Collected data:
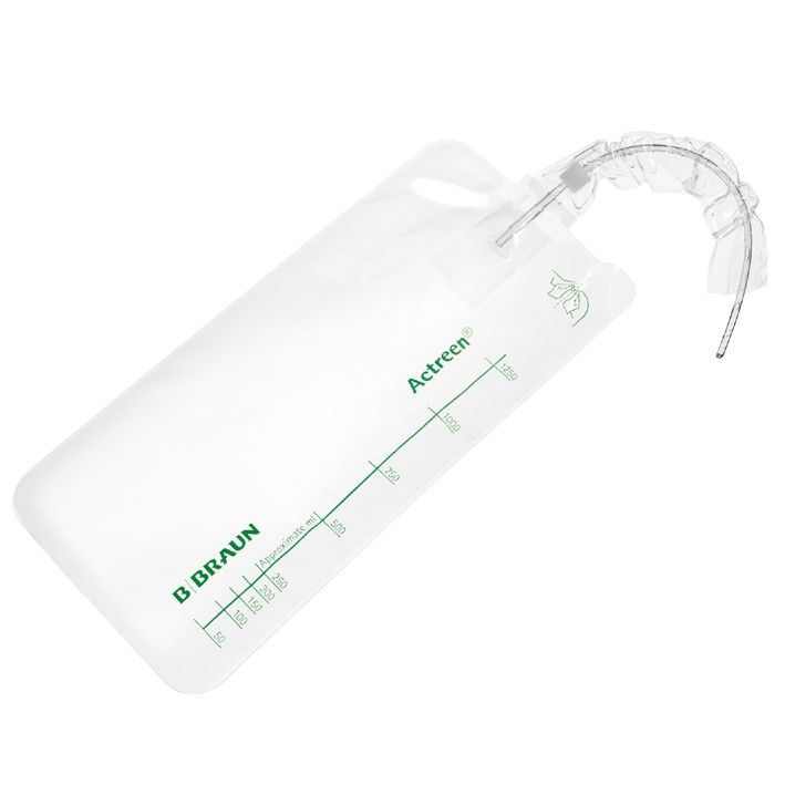 - Beutel: 1.000 ml Volumen, fest mit dem Katheter verbunden, transparent für optimale Sichtkontrolle des Urins, inkl. Urinrückflusssperre
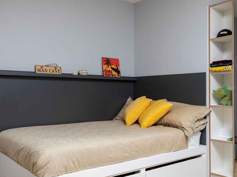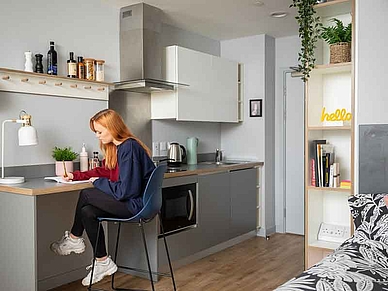 Du wohnst in der oben beschriebenen Residenz separat zu den Wohneinheiten in einem Studio zur Einzelbelegung mit eigenem Bad und Küchenzeile. Selbstverpflegung. Zugang zu den Gemeinschaftsbereichen der Residenz mit Lounge, Studierbereich, Fitnessraum, Spiel- und Multimediaraum. Bettwäsche wird gestellt, Handtücher sind mitzubringen. WLAN verfügbar. Waschmöglichkeit (Gebühr). Ca. 10-15 Gehminuten zur Sprachschule. Buchbar ab 18 Jahren. Es ist eine Kaution zu hinterlegen.
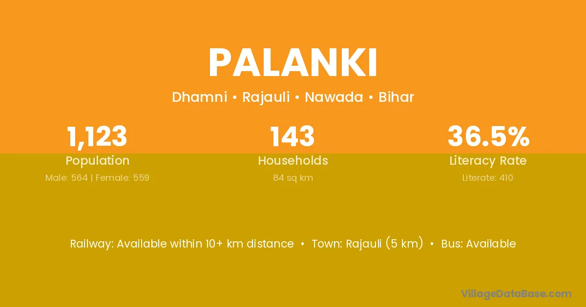 Rajauli (5 km) is the nearest town to Palanki village for major economic activities and is located approximately 5 km away.
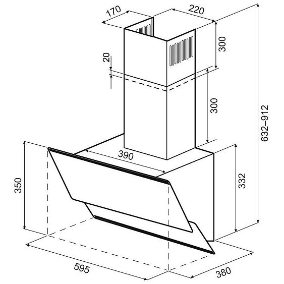 Описаниевытяжка наклонная, 60 см, 1100 м3/ч, белое стекло/нержавеющая сталь
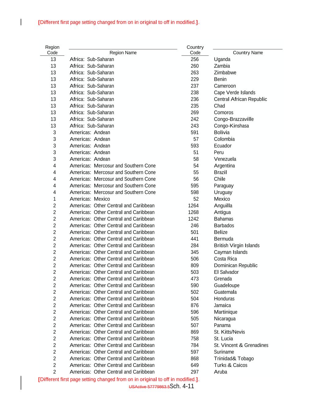[Different first page setting changed from on in original to off in modified.]. [Different first page setting changed from on in original to off in modified.]. USActive 57779863.5Sch. 4-11 Americas: Other Central and Caribbean 1268 Cameroon Antigua 3 2 Americas: Andean Americas: Other Central and Caribbean 1242 591 Bahamas Zambia Bolivia 2 13 Americas: Other Central and Caribbean 246 13 Barbados 3 Africa: Sub-Saharan 2 Americas: Andean Americas: Other Central and Caribbean 501 57 Belize 238 Colombia 2 Region Name Americas: Other Central and Caribbean 441 Cape Verde Islands Bermuda 3 13 2 Americas: Andean Americas: Other Central and Caribbean 284 593 British Virgin Islands Africa: Sub-Saharan Ecuador 2 13 Americas: Other Central and Caribbean 345 Africa: Sub-Saharan Cayman Islands 3 Africa: Sub-Saharan 2 Americas: Andean Americas: Other Central and Caribbean 506 51 Costa Rica 236 Peru 2 263 Americas: Other Central and Caribbean 809 Central African Republic Dominican Republic 3 256 2 Americas: Andean Americas: Other Central and Caribbean 503 58 El Salvador Zimbabwe Venezuela 2 13 Americas: Other Central and Caribbean 473 Country Code Grenada 4 Africa: Sub-Saharan 2 Americas: Mercosur and Southern Cone Americas: Other Central and Caribbean 590 54 Guadeloupe 235 Argentina 2 Uganda Americas: Other Central and Caribbean 502 Chad Guatemala 4 13 2 Americas: Mercosur and Southern Cone Americas: Other Central and Caribbean 504 55 Honduras Brazil 2 13 Americas: Other Central and Caribbean 876 Africa: Sub-Saharan Jamaica 4 Africa: Sub-Saharan 2 Americas: Mercosur and Southern Cone Americas: Other Central and Caribbean 596 56 Martinique 269 Chile 2 229 Americas: Other Central and Caribbean 505 Comoros Nicaragua 4 Country Name 2 Americas: Mercosur and Southern Cone Americas: Other Central and Caribbean 507 595 Panama Benin Paraguay 2 13 Americas: Other Central and Caribbean 869 13 St. Kitts/Nevis 4 Africa: Sub-Saharan 2 Americas: Mercosur and Southern Cone Americas: Other Central and Caribbean 758 598 St. Lucia 242 Uruguay 2 Region Code Americas: Other Central and Caribbean 784 Congo-Brazzaville St. Vincent & Grenadines 1 13 2 Americas: Mexico Americas: Other Central and Caribbean 597 52 Suriname Africa: Sub-Saharan Mexico 2 13 Americas: Other Central and Caribbean 868 Africa: Sub-Saharan Trinidad& Tobago 2 Africa: Sub-Saharan 2 Americas: Other Central and Caribbean Americas: Other Central and Caribbean 649 1264 Turks & Caicos 243 Anguilla 2 237 Americas: Other Central and Caribbean 297 Congo-Kinshasa Aruba 2 260

WHAT TO PRODUCE: Once the pictures are set aside, output all of the data above verbatim.

EXERCISE RESPONSE:
 - Beutel: 1.000 ml Volumen, fest mit dem Katheter verbunden, transparent für optimale Sichtkontrolle des Urins, inkl. Urinrückflusssperre
 Du wohnst in der oben beschriebenen Residenz separat zu den Wohneinheiten in einem Studio zur Einzelbelegung mit eigenem Bad und Küchenzeile. Selbstverpflegung. Zugang zu den Gemeinschaftsbereichen der Residenz mit Lounge, Studierbereich, Fitnessraum, Spiel- und Multimediaraum. Bettwäsche wird gestellt, Handtücher sind mitzubringen. WLAN verfügbar. Waschmöglichkeit (Gebühr). Ca. 10-15 Gehminuten zur Sprachschule. Buchbar ab 18 Jahren. Es ist eine Kaution zu hinterlegen.
 Rajauli (5 km) is the nearest town to Palanki village for major economic activities and is located approximately 5 km away.
 Описаниевытяжка наклонная, 60 см, 1100 м3/ч, белое стекло/нержавеющая сталь
[Different first page setting changed from on in original to off in modified.]. [Different first page setting changed from on in original to off in modified.]. USActive 57779863.5Sch. 4-11 Americas: Other Central and Caribbean 1268 Cameroon Antigua 3 2 Americas: Andean Americas: Other Central and Caribbean 1242 591 Bahamas Zambia Bolivia 2 13 Americas: Other Central and Caribbean 246 13 Barbados 3 Africa: Sub-Saharan 2 Americas: Andean Americas: Other Central and Caribbean 501 57 Belize 238 Colombia 2 Region Name Americas: Other Central and Caribbean 441 Cape Verde Islands Bermuda 3 13 2 Americas: Andean Americas: Other Central and Caribbean 284 593 British Virgin Islands Africa: Sub-Saharan Ecuador 2 13 Americas: Other Central and Caribbean 345 Africa: Sub-Saharan Cayman Islands 3 Africa: Sub-Saharan 2 Americas: Andean Americas: Other Central and Caribbean 506 51 Costa Rica 236 Peru 2 263 Americas: Other Central and Caribbean 809 Central African Republic Dominican Republic 3 256 2 Americas: Andean Americas: Other Central and Caribbean 503 58 El Salvador Zimbabwe Venezuela 2 13 Americas: Other Central and Caribbean 473 Country Code Grenada 4 Africa: Sub-Saharan 2 Americas: Mercosur and Southern Cone Americas: Other Central and Caribbean 590 54 Guadeloupe 235 Argentina 2 Uganda Americas: Other Central and Caribbean 502 Chad Guatemala 4 13 2 Americas: Mercosur and Southern Cone Americas: Other Central and Caribbean 504 55 Honduras Brazil 2 13 Americas: Other Central and Caribbean 876 Africa: Sub-Saharan Jamaica 4 Africa: Sub-Saharan 2 Americas: Mercosur and Southern Cone Americas: Other Central and Caribbean 596 56 Martinique 269 Chile 2 229 Americas: Other Central and Caribbean 505 Comoros Nicaragua 4 Country Name 2 Americas: Mercosur and Southern Cone Americas: Other Central and Caribbean 507 595 Panama Benin Paraguay 2 13 Americas: Other Central and Caribbean 869 13 St. Kitts/Nevis 4 Africa: Sub-Saharan 2 Americas: Mercosur and Southern Cone Americas: Other Central and Caribbean 758 598 St. Lucia 242 Uruguay 2 Region Code Americas: Other Central and Caribbean 784 Congo-Brazzaville St. Vincent & Grenadines 1 13 2 Americas: Mexico Americas: Other Central and Caribbean 597 52 Suriname Africa: Sub-Saharan Mexico 2 13 Americas: Other Central and Caribbean 868 Africa: Sub-Saharan Trinidad& Tobago 2 Africa: Sub-Saharan 2 Americas: Other Central and Caribbean Americas: Other Central and Caribbean 649 1264 Turks & Caicos 243 Anguilla 2 237 Americas: Other Central and Caribbean 297 Congo-Kinshasa Aruba 2 260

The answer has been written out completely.